*** Opening of MATERIAL SUPPLIED ***

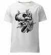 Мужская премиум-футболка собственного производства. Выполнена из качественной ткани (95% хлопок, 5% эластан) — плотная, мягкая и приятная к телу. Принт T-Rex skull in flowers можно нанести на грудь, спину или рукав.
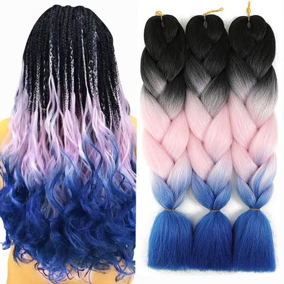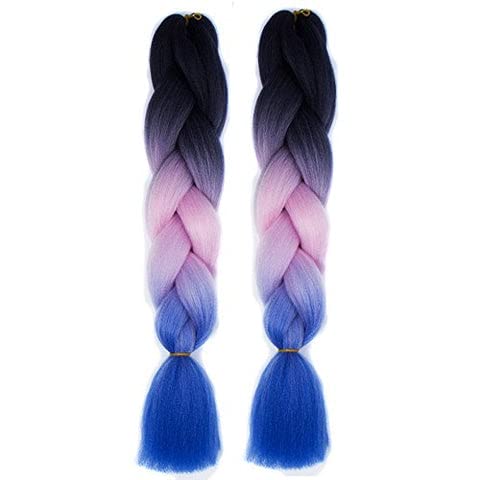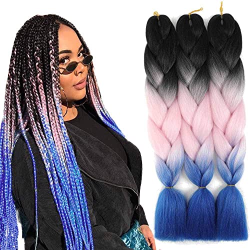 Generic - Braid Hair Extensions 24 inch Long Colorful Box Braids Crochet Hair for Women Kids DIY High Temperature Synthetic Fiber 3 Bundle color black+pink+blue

*** Close of MATERIAL SUPPLIED ***
*** Opening of MATERIAL SUPPLIED ***

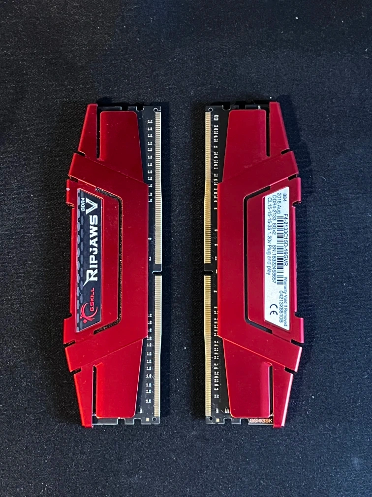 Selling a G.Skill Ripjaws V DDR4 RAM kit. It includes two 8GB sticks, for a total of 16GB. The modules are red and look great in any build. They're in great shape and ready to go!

*** Close of MATERIAL SUPPLIED ***

**ABOUT THIS EXERCISE:** Everything above from the line with "Мужская премиум-футболка собственного" through the line with "Generic - Braid" should be retyped exactly, and nothing else; omit pictures.

**RESPONSE TO THE TASK:**
 Мужская премиум-футболка собственного производства. Выполнена из качественной ткани (95% хлопок, 5% эластан) — плотная, мягкая и приятная к телу. Принт T-Rex skull in flowers можно нанести на грудь, спину или рукав.
 Generic - Braid Hair Extensions 24 inch Long Colorful Box Braids Crochet Hair for Women Kids DIY High Temperature Synthetic Fiber 3 Bundle color black+pink+blue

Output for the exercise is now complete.